Reading through a galley proof of a soon-to-be-published work can, I’ve discovered, make you very insecure about your writing. While I was looking over “The Meaning of Vengeance,” every bit of awkward phrasing, every cliched or often-used (by me) expression began to rear its ugly head. (Look! There’s another cliche!) And it’s too late to fix it. It’s on its way out the door.
By the time you get to the end of the manuscript, you wonder if anybody could possibly like this dreck.
I’ve been through this before, when editing my stories. Usually, it passes. I’ll pick up the manuscript a month later and re-read it, and suddenly it seems really good. How could I ever have doubted it?
Of, course, after I work on it for a while, it goes back to being dreck.

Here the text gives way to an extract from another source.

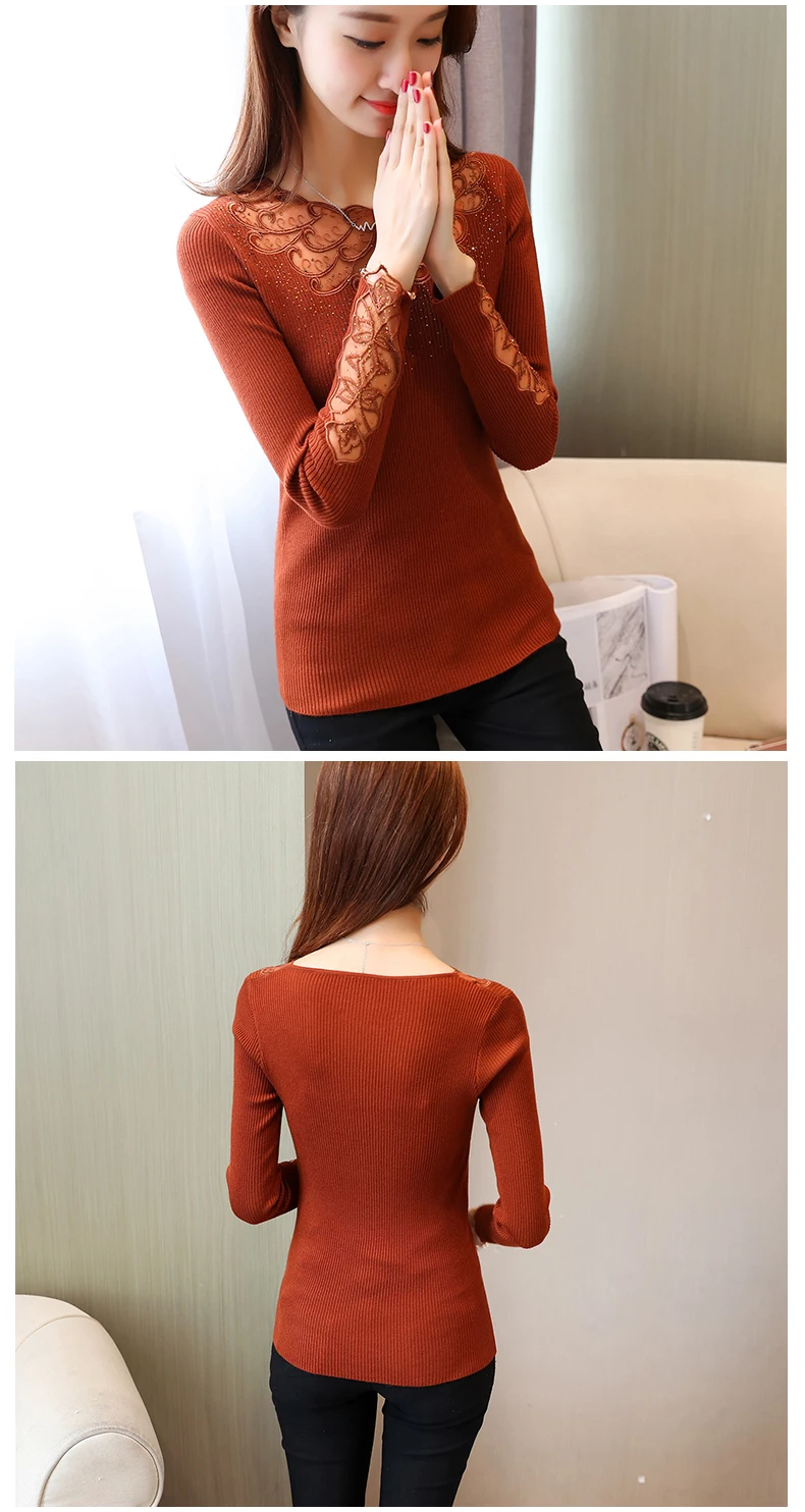 Стиль:Эластичный однотонный кружевной свитер

So, I’ve learned to ignore my manic-depressive mood swings concerning my writing — or at least try to — having faith that the final product will be good. I’ve been honing my writing skills for a very long time now, and very little that I write is completely terrible. Most, in fact, is pretty good.

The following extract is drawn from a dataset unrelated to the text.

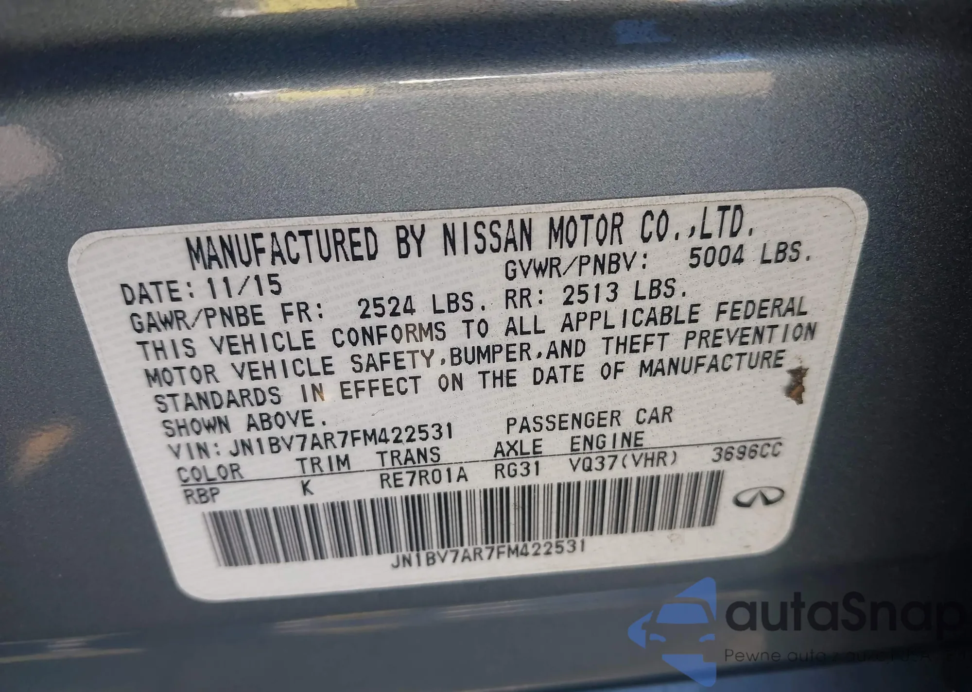 LOT: 42500151 VIN: 1VWAT7A36FC060267

But this is the first time I’ve reviewed something that’s about to be published. Soon, readers who aren’t friends of mine will be looking through those pages, noticing the awkward phrasing about Ari’s beard and hair (Is it just the beard that he keeps closely trimmed? Or is his hair close-cropped, too?), and the bad line expressing Geirr’s doubts about Ari’s love. Will the reader be disgusted and put it down? Will they think my characters are dull and the romance unexciting?
Will they realize that the god, Frey, never really had antlers on his head in Norse mythology?!